Suspiró y comprobó que había estado un buen rato sumida en sus pensamientos. Con lentitud cogió la enorme maleta y bajó las escaleras, donde sus hermanas, su padre y Genma la despidieron con pesar y tristeza. La pequeña se marchaba a hacer su vida a otro país, sin saber cuánto tiempo tardarían en volver a verla.

-Mi pequeña...-La abrazó su padre. Ella se aferró a él con fuerza, intentando con toda su alma no volver a llorar. –Llámanos en cuanto llegues, por favor. –Ella asintió contra el pecho de su padre. –Y no olvides que aquí tienes tu casa.

Detrás, oyó como su hermana Kasumi sollozaba levemente y cómo Nabiki la consolaba.

-Akane. –La llamó Genma, lo que la hizo separarse levemente de su padre y mirar al hombre que hasta hace poco era su futuro suegro. -Lo siento mucho. Te deseo lo mejor y...siento que no esté aquí.

Sabía que se refería a su hijo. La chica asintió agradecida, no pudo responder a esas palabras. Dando una última y rápida ronda de abrazos se encaminó al taxi y cuando éste se puso en marcha, se despidió de su hogar y su familia una última vez entre promesas de que llamaría, comería y que no trabajaría demasiado.

La chica, acomodándose en el asiento trasero del taxi no pudo evitar suspirar, gesto que no pasó desapercibido para el conductor.

-Es difícil decir adiós.

Akane le miró y sonrió con tristeza. –Mucho. –Le respondió en un susurro apenas audible.

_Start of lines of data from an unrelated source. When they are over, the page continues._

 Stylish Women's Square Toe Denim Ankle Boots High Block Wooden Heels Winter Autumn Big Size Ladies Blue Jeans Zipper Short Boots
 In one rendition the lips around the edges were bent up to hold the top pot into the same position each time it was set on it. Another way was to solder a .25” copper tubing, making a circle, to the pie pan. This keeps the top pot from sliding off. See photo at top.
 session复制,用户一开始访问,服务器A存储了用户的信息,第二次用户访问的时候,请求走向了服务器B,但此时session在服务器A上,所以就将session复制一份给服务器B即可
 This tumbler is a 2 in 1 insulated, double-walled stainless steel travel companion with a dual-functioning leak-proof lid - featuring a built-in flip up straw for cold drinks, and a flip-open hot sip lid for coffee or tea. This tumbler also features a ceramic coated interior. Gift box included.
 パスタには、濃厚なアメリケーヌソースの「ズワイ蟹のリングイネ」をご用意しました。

Todo el tiempo hasta que se subió al avión, no podía parar de darle vueltas a todo lo que había pasado en los últimos siete años de su vida. La llegada de Ranma, otras prometidas, sus incansables pretendientes que la retaban a la mínima para salir con ella, las veces que Ranma la había salvado o defendido...cuando casi se casan...

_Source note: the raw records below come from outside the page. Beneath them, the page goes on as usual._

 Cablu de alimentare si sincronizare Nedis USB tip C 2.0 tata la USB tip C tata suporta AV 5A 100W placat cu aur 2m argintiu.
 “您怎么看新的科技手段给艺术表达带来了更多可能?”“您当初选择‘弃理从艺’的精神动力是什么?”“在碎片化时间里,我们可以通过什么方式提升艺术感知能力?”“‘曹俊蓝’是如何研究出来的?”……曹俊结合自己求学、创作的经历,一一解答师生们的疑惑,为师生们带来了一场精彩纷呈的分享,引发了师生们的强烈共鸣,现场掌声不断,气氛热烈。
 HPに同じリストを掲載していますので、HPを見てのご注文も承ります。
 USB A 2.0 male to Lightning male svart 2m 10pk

Se había prometido que una vez que subiera a ese avión, no iba a volver la vista atrás. No iba a lamentar su decisión ni iba a pasar un solo día deseando que las cosas hubieran sido diferentes, ni auto compadeciéndose.

Ese avión la llevaba a su nueva vida, la llevaba a su destino y pese a la enorme tristeza que sentía, no podía estar más impaciente por empezar de cero.

Ranma por su parte, a diferencia de lo que pensaba la joven de cabello azul, no había dejado de observarla en todo momento desde que salió por la puerta de su casa en dirección a ese condenado taxi.

Escondido tras la esquina de una casa vecina, la miraba. Dios, hasta con esa mirada triste e hinchada por llorar, era como una visión. Con ese ligerísimo vestido blanco y su pelo lacio, parecía un ángel. Y cómo odiaba verla como un ángel cuando lo que era no era más que un demonio.

Observó al taxi partir. Cuando se perdió en la lejanía, avanzó hasta entrar en la casa y fue directo al Dojo, colocó el saco de boxeo y sin miramientos, comenzó a atizarlo. Toda la rabia, el sentimiento profundo de tristeza, necesitaba opacarlo por el desprecio que ella le había mostrado, cuando él sólo quería abrirle su alma y ser uno solo con ella por el resto de sus vidas.

Golpe tras golpe, ni siquiera paró cuando sus nudillos empezaron a sangrar. Golpe tras golpe, se recordaría que nunca más se iba a sentir así.

Akane Tendo había marcado un antes y un después en su vida, y desde ese momento el que marcaría las reglas en su vida, en su carrera y en sus relaciones, sería él.